Page 5 - @ccess 3 Teacher´s Book
P. 5

For many pupils, learning from teachers must appear to be a mysterious and arbitrarily difficult
                              process, the solution to which may be to concentrate on trying to do and say what appears to be
                             expected — a basically ‘ritual’ solution. A greater emphasis on the importance of language and
                          communication in creating a shared conceptual sense of the meaning and significance of experience
                         and activity may help to make classroom education a more open and explicit business and, therefore
                                                                     a less mysterious and difficult process for pupils.
                                                                          (D. Edwards & N. Mercer, 1988: 169).




                  Dear teacher:


                  Learning a foreign language within an environment where students feel safe, valued,
                  respected, happy and involved in the decision-making process is indispensable in
                  their quest to increase their mastery of the language and their autonomous production
                  thereof.

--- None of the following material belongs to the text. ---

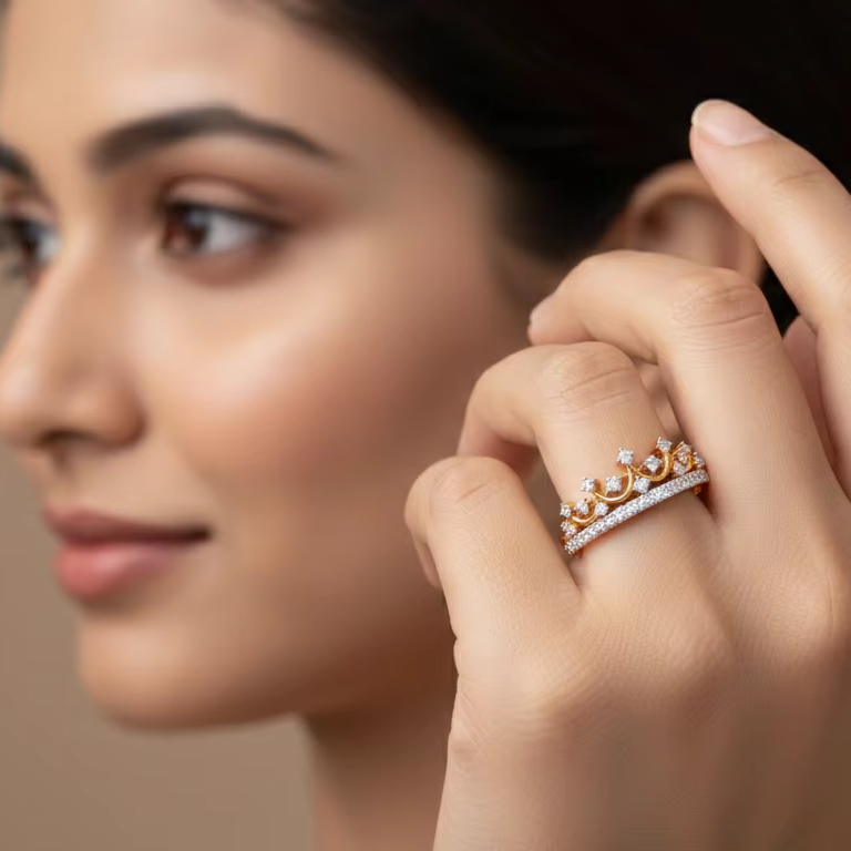 แหวนเพชรทรงมงกุฎทองคำ ดีไซน์หรูหรา ของขวัญวันครบรอบแต่งงานสำหรับเธอ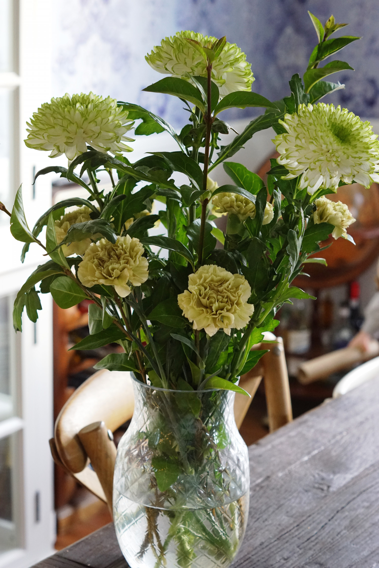 LIGE OM LIDT skal stuerne herhjemme hos os fyldes af massevis af jule- og vinterdekorationer, men inden da nåede der altså at blive plads til en skøn grøn buket.

Thus, it is important to emphasize:

                        "...what people do and say (or do by saying) in a classroom. This becomes not
                        only the physical setting of school learning, but also the communicative setting
                        where speaking, listening, reading and writing takes place. A setting where some
                        get amused or bored, where some become friends while others become rivals,
                        where some skills, habits and concepts are learned, while many other things are
                        forgotten. At the end of the day, it is the place where some talk, where the different
                        forms of teachers’ pedagogical discourse interact with the ways in which those who
                        attend our classrooms — on every workable day, like it or not — have of seeing and
                        understanding the world". (Lomas, 2016).


                     Most of a student’s lifetime is spent at school. Thus, it is essential to make their
                  stay there a significant experience in learning to live together harmoniously. The base
                  of forming responsible, critical and self-confident citizens is the sharing of worries,
                  preferences and interests, as well as classroom work planning and decisions about what
                  and how to do it with students. With the aim of helping you in the aforementioned tasks,
                  we conceived the didactic pack for second grade of secondary in this @ccess series.
                     From our perspective, it is you who make English learning and the formation of your
                  students possible. Thus, we have crafted a proposal different from those you already
                  know of. In this series, we offer the resources necessary to enable your students to acquire
                  the ten social practices of language set out in the current English syllabus. In order to do
                  so, students will engage in communicative exchanges while creating their own language
                  products, enabling them to learn-while-doing, by means of carefully-crafted models.
                  These were devised with the aim of illustrating the actions involved in the different steps
                  and stages (warm-up, building, closure) in the process of developing a language product.
                     This proposal focuses on the interaction between your students, and between them
                  and the people inside and outside of the school.